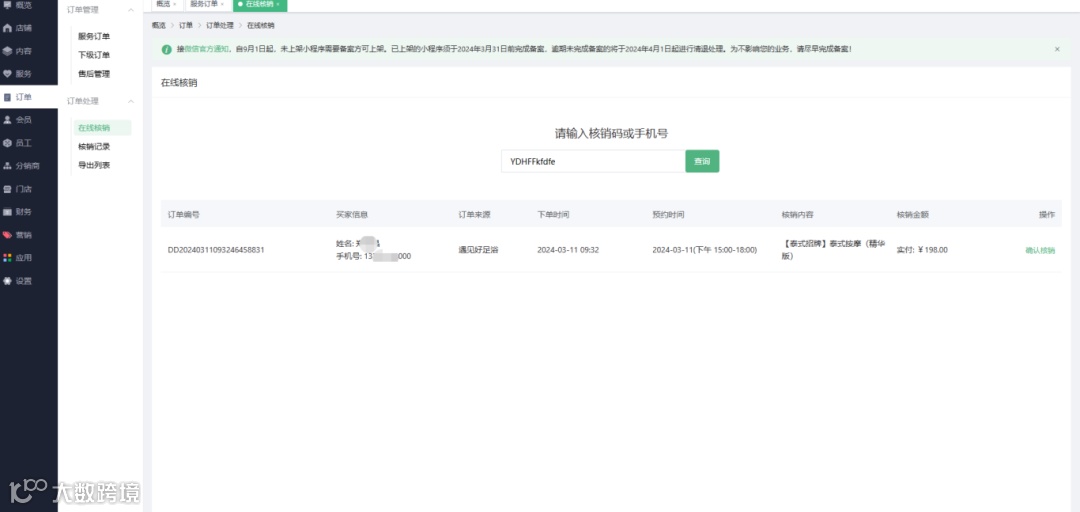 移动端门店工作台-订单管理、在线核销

==

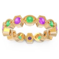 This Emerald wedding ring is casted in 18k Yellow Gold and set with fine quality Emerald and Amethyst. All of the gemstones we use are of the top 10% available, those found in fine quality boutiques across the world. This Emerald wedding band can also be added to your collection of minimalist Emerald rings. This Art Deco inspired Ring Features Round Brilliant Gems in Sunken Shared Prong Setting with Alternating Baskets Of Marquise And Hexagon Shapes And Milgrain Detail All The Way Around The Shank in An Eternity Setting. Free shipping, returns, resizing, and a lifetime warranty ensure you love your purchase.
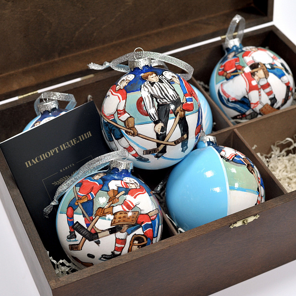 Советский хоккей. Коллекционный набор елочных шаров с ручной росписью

--

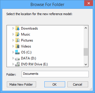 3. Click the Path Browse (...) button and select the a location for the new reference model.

> ACTION ITEM:
Your copy should hold the lines from the one with "This Emerald wedding ring" up to and including the one with "Советский хоккей. Коллекционный", exactly as in the data above, and no pictures.

> REPLY:
 This Emerald wedding ring is casted in 18k Yellow Gold and set with fine quality Emerald and Amethyst. All of the gemstones we use are of the top 10% available, those found in fine quality boutiques across the world. This Emerald wedding band can also be added to your collection of minimalist Emerald rings. This Art Deco inspired Ring Features Round Brilliant Gems in Sunken Shared Prong Setting with Alternating Baskets Of Marquise And Hexagon Shapes And Milgrain Detail All The Way Around The Shank in An Eternity Setting. Free shipping, returns, resizing, and a lifetime warranty ensure you love your purchase.
 Советский хоккей. Коллекционный набор елочных шаров с ручной росписью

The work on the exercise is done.